*** Supplied entries Section Begins ***

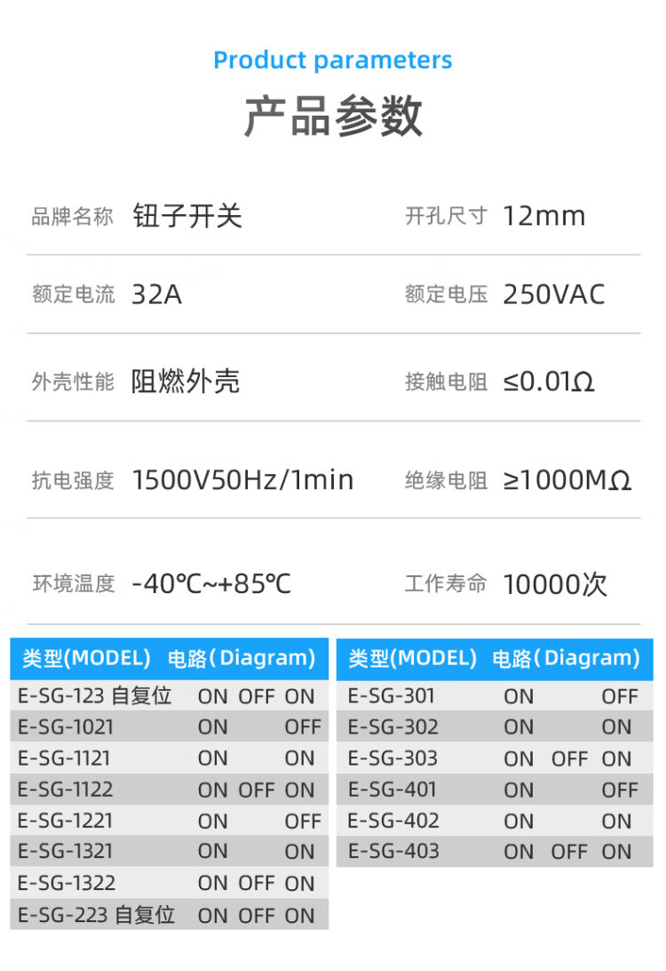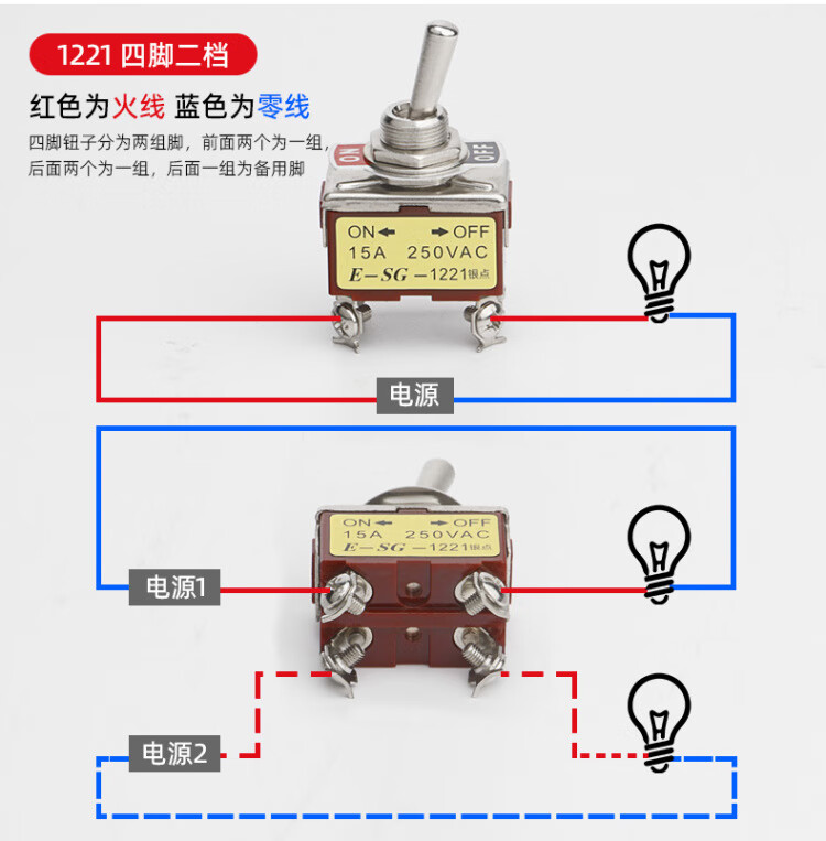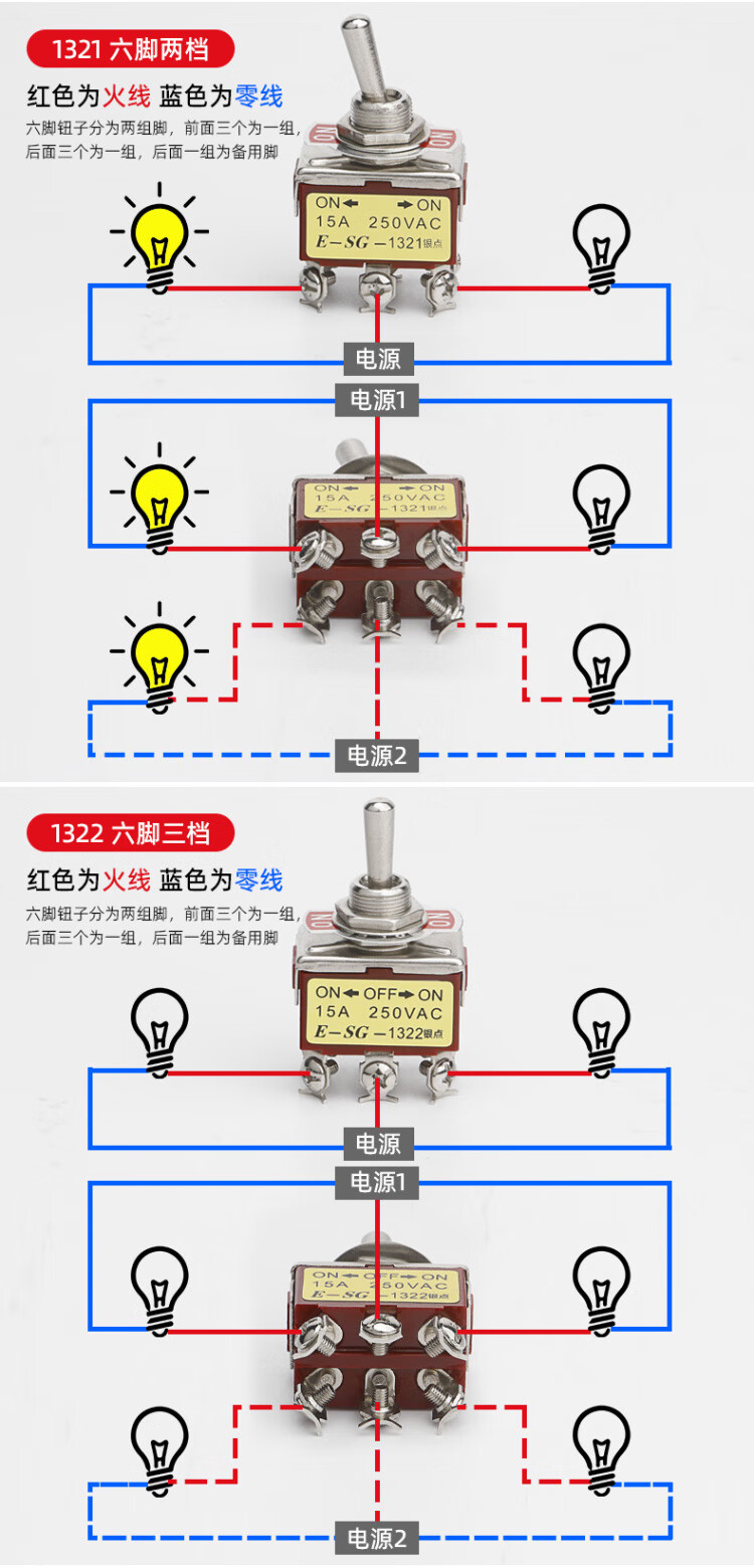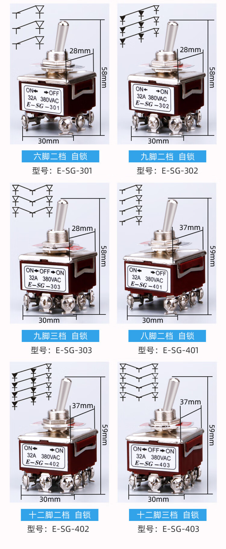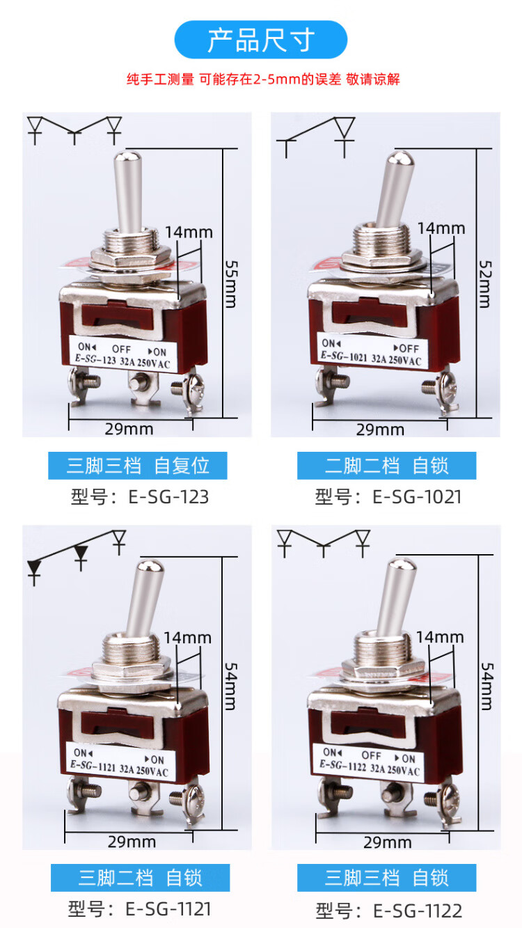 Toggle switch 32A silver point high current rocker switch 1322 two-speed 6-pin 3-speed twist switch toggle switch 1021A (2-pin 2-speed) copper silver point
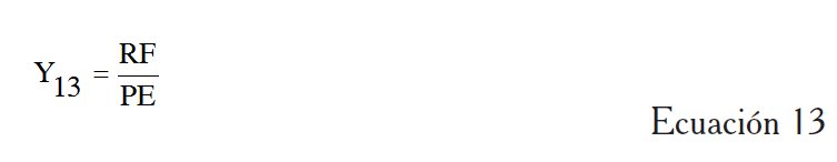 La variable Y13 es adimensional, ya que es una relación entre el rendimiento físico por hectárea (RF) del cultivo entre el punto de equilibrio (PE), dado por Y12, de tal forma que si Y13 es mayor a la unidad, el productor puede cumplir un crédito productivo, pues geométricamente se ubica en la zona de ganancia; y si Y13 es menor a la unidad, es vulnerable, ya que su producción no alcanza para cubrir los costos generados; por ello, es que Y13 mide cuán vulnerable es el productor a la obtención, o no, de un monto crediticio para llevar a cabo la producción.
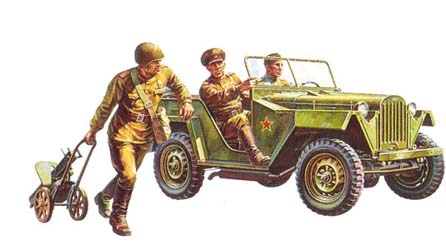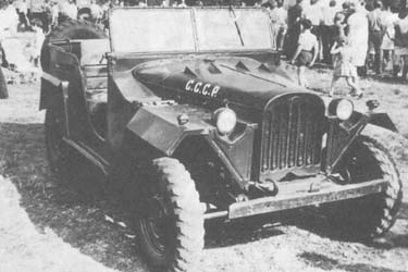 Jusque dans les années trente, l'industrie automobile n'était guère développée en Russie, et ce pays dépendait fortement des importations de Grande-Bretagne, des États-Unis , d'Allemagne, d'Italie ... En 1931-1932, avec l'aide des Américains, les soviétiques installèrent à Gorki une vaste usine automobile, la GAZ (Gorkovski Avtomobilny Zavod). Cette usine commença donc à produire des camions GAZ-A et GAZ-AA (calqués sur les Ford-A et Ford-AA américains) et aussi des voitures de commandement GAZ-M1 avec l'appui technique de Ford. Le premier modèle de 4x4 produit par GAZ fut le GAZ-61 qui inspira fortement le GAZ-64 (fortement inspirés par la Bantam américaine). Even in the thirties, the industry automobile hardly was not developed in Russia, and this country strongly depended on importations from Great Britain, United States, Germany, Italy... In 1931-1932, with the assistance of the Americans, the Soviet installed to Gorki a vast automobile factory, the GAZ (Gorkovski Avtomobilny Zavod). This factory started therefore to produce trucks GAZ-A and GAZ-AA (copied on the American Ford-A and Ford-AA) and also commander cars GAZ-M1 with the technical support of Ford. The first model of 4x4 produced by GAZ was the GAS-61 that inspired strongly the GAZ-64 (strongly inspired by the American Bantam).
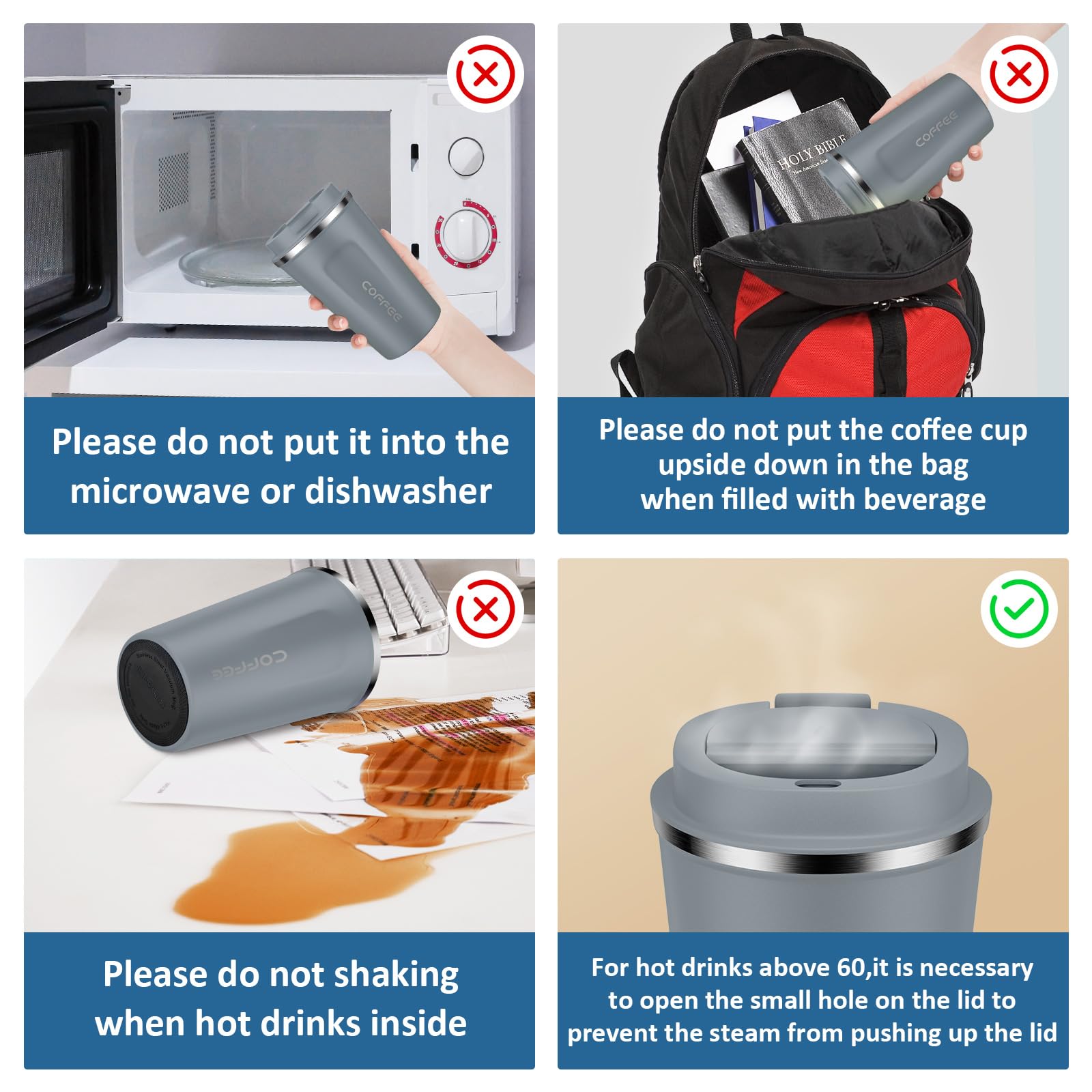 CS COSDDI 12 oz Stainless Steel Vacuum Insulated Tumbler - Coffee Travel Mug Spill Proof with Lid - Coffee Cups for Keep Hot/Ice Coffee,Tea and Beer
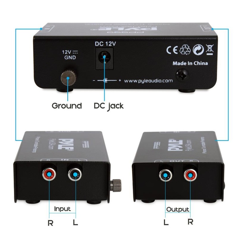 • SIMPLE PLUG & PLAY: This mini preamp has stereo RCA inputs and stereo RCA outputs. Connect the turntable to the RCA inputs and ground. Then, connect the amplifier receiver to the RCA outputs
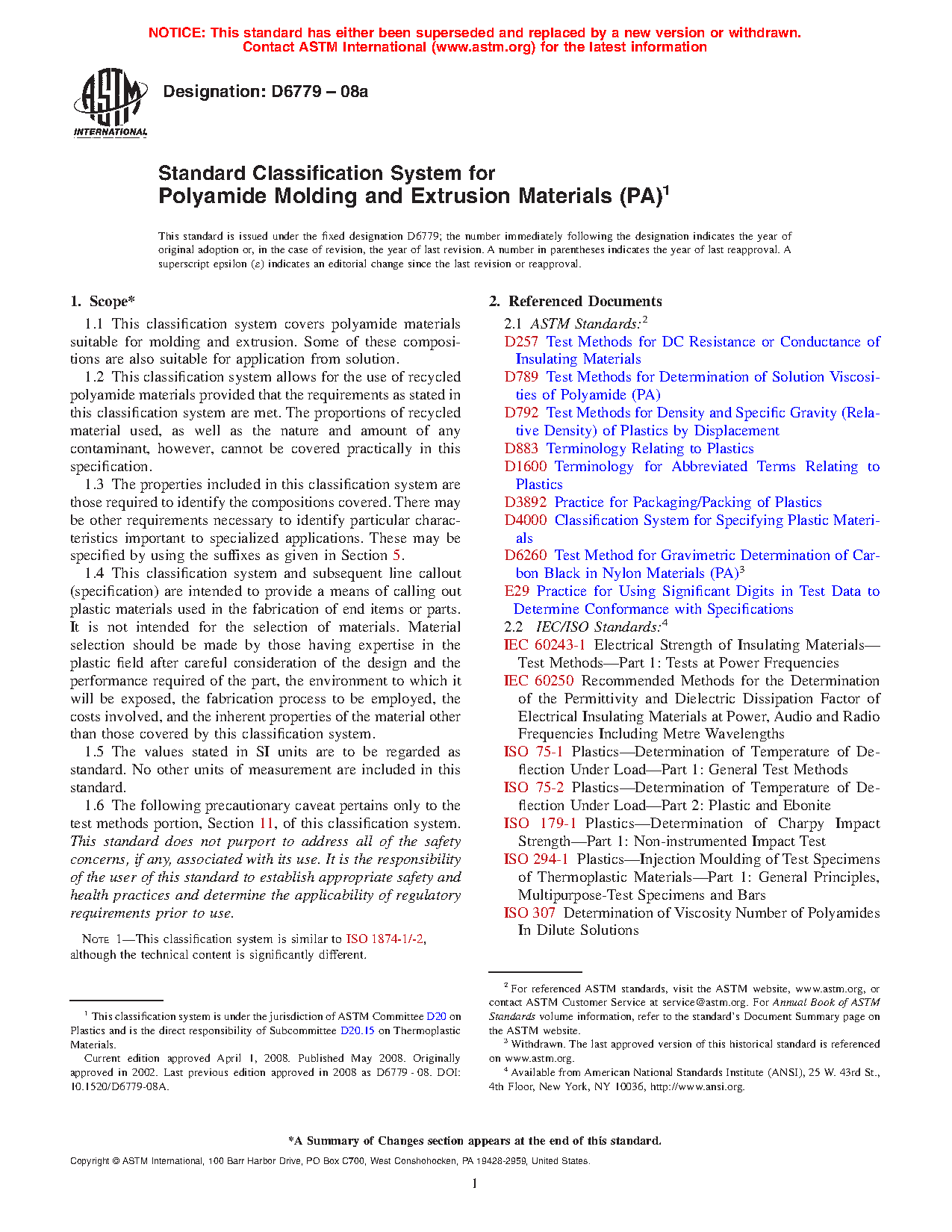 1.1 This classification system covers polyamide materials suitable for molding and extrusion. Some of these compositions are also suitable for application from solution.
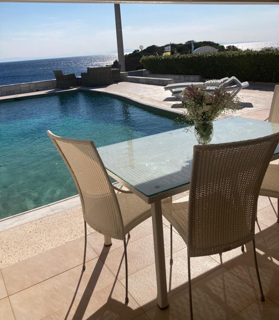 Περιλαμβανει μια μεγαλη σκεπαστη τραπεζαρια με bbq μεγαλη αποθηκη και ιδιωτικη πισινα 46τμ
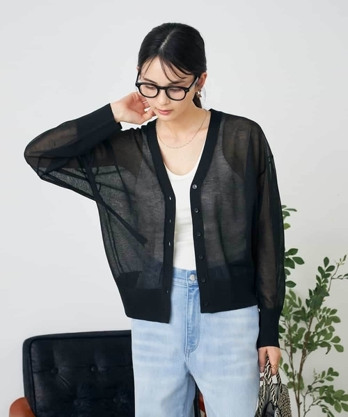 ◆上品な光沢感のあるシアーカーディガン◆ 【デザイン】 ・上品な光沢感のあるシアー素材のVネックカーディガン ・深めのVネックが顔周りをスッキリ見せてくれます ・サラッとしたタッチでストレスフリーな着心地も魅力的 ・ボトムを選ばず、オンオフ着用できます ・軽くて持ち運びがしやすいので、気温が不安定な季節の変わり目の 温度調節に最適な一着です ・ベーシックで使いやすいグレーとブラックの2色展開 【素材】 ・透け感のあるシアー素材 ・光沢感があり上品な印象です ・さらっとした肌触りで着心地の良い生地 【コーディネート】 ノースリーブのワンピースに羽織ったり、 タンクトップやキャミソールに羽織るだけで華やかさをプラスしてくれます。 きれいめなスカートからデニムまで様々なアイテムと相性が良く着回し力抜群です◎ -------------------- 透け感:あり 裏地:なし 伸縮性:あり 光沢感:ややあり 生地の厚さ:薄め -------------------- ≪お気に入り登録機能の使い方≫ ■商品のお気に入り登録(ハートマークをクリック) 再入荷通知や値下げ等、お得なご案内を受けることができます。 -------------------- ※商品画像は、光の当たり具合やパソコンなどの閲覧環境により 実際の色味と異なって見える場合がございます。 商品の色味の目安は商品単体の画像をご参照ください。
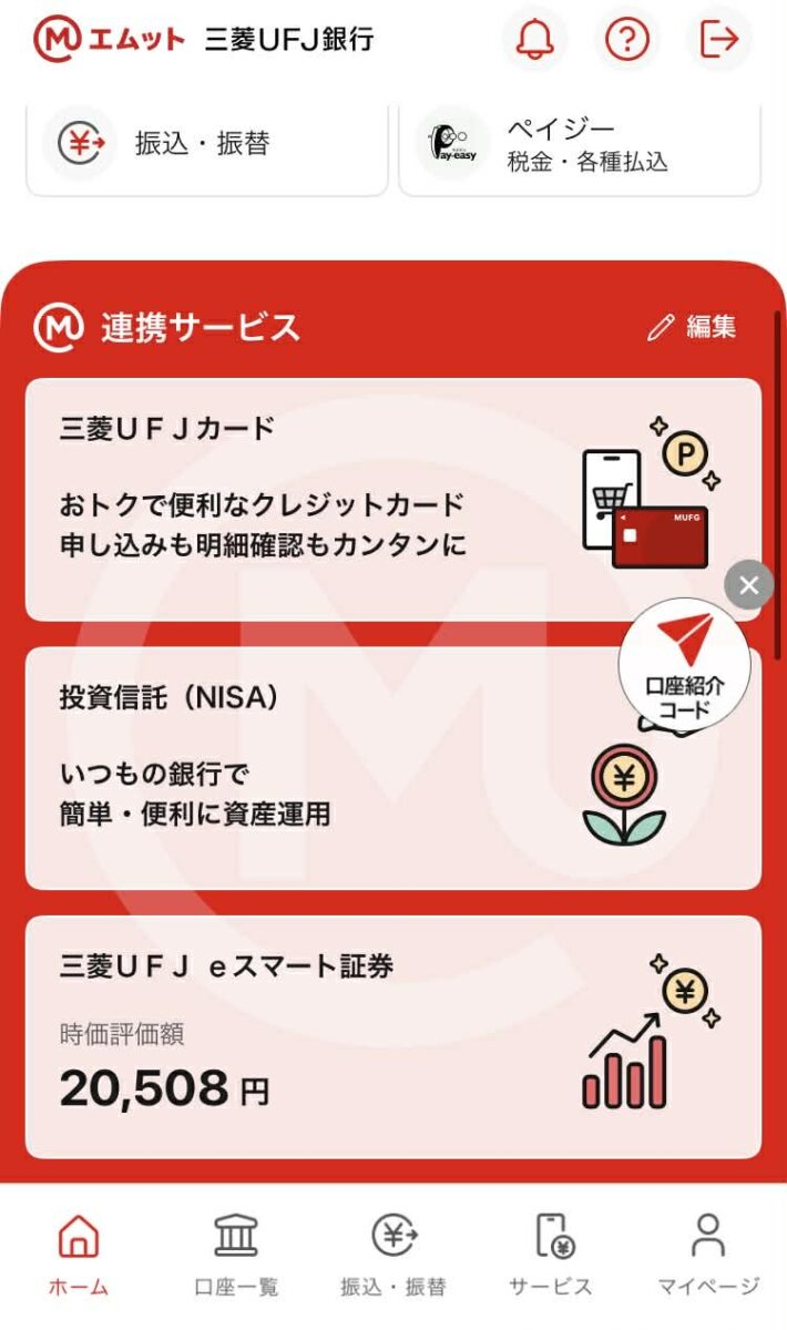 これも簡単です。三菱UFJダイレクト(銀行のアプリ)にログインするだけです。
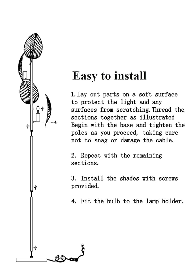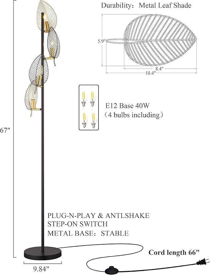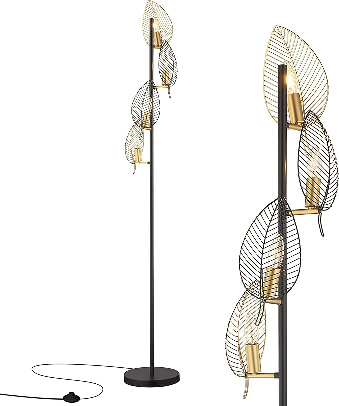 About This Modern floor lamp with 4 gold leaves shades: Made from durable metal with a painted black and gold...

*** Supplied entries Section Ends ***

Work item: Begin at the first line of the entries above and return each line exactly, stopping after the line that contains "CS COSDDI 12". Pictures do not belong in the copy.

Written answer:
 Toggle switch 32A silver point high current rocker switch 1322 two-speed 6-pin 3-speed twist switch toggle switch 1021A (2-pin 2-speed) copper silver point
 La variable Y13 es adimensional, ya que es una relación entre el rendimiento físico por hectárea (RF) del cultivo entre el punto de equilibrio (PE), dado por Y12, de tal forma que si Y13 es mayor a la unidad, el productor puede cumplir un crédito productivo, pues geométricamente se ubica en la zona de ganancia; y si Y13 es menor a la unidad, es vulnerable, ya que su producción no alcanza para cubrir los costos generados; por ello, es que Y13 mide cuán vulnerable es el productor a la obtención, o no, de un monto crediticio para llevar a cabo la producción.
 Jusque dans les années trente, l'industrie automobile n'était guère développée en Russie, et ce pays dépendait fortement des importations de Grande-Bretagne, des États-Unis , d'Allemagne, d'Italie ... En 1931-1932, avec l'aide des Américains, les soviétiques installèrent à Gorki une vaste usine automobile, la GAZ (Gorkovski Avtomobilny Zavod). Cette usine commença donc à produire des camions GAZ-A et GAZ-AA (calqués sur les Ford-A et Ford-AA américains) et aussi des voitures de commandement GAZ-M1 avec l'appui technique de Ford. Le premier modèle de 4x4 produit par GAZ fut le GAZ-61 qui inspira fortement le GAZ-64 (fortement inspirés par la Bantam américaine). Even in the thirties, the industry automobile hardly was not developed in Russia, and this country strongly depended on importations from Great Britain, United States, Germany, Italy... In 1931-1932, with the assistance of the Americans, the Soviet installed to Gorki a vast automobile factory, the GAZ (Gorkovski Avtomobilny Zavod). This factory started therefore to produce trucks GAZ-A and GAZ-AA (copied on the American Ford-A and Ford-AA) and also commander cars GAZ-M1 with the technical support of Ford. The first model of 4x4 produced by GAZ was the GAS-61 that inspired strongly the GAZ-64 (strongly inspired by the American Bantam).
 CS COSDDI 12 oz Stainless Steel Vacuum Insulated Tumbler - Coffee Travel Mug Spill Proof with Lid - Coffee Cups for Keep Hot/Ice Coffee,Tea and Beer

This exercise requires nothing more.